Ага, у него такая слабость. Учтем.
Гражданин Осин, начальник зоны, мыло у меня отобрал. Нет-нет, я имею право им пользоваться! И разве ж кто у меня мои права отымает? Но где сказано, что я могу пользоваться всеми кусками сразу? Нет этого в Законе! Вот гражданин майор и будет надзирать лично: приносить мне мыло из кладовой по смыливании текущего куска.
— Но, гражданин майор… Ведь по смыливании я имею право просить у вас любой из принадлежащих мне кусков?
— Конечно, — важно подтвердил Осин.
Я посмотрел на него с жалостью: ну зачем ты, бедняга, сам себе яму роешь? Не понимаешь, что ли, что запутаешься до полной безнадеги в десятке моих мыльных сортов?
Майор пытался добросовестно выполнять возложенную на себя государственно значимую функцию.
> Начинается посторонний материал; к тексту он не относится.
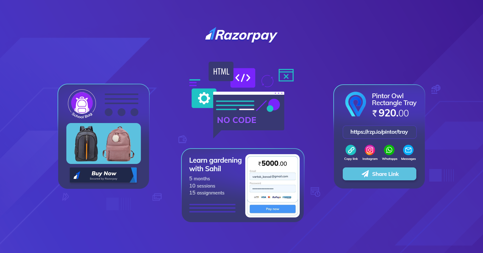 - Payments: No Code Payment Solution: Razorpay Payment Pages

Но не справлялся: количество сортов заведомо превосходило количество его извилин.
Раз в неделю бедолага совершал обход карцерных камер: торжественно, в сопровождении свиты офицеров. Дежурный открывал “кормушки”.
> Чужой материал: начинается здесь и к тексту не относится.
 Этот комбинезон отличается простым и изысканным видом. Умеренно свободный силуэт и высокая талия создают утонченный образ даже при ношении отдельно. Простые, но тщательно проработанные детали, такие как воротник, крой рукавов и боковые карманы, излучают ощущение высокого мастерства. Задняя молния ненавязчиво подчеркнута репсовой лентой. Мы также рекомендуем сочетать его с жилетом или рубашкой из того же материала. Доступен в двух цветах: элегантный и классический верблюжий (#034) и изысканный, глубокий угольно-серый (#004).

— Есть ли жалобы, претензии? — солидно вопрошал Осин.
Что ответишь? “Претензий нет”, — то есть все происходящее — норма? Нет, не поворачивался язык. И отвечали зеки, что не желают с майором разговаривать.
Начальник сокрушенно вздыхал. Вот ведь: политические, а невоспитанный, грубый народ. Ну, коли вы всем довольны…
И “кормушка” захлопывалась — еще на одну космическую неделю.
А иные начинали возмущаться. Подспудный пафос был: как же можно так? ведь и мы и вы — люди!
Это уж майору совсем удовольствие. Он тебе и “Правила внутреннего распорядка” зачитает, и растолкует со смаком: “Все, гражданин осужденный, законно!”
Что-что? Закон плохой? М-м-м… Может, вы и правы. Но мы ж с вами законов не пишем. Мы их соблюдать должны…
— Есть ли претензии, осужденный Сендеров?
— Есть, гражданин майор.
— Какие?
— Мыло, гражданин майор. Я розовое заказывал. Оно — мое, прошу по Закону. А вы опять спутали, голубое принесли.
Не прошло и двух месяцев, а гуманист Ваня Ковалев (сидел он, как и я, в карцере бессменно) стал меня из своей камеры совестить:
— Да пожалей ты его… Хоть один раз забудь ты о мыле…
Можно и забыть. Я что — не гуманист? Не могу изобрести большевикам какую-нибудь новую пакость?
Удары по красным нужно наносить не только новые, но еще и неожиданные. Азы войны: твои действия должны быть непредсказуемы.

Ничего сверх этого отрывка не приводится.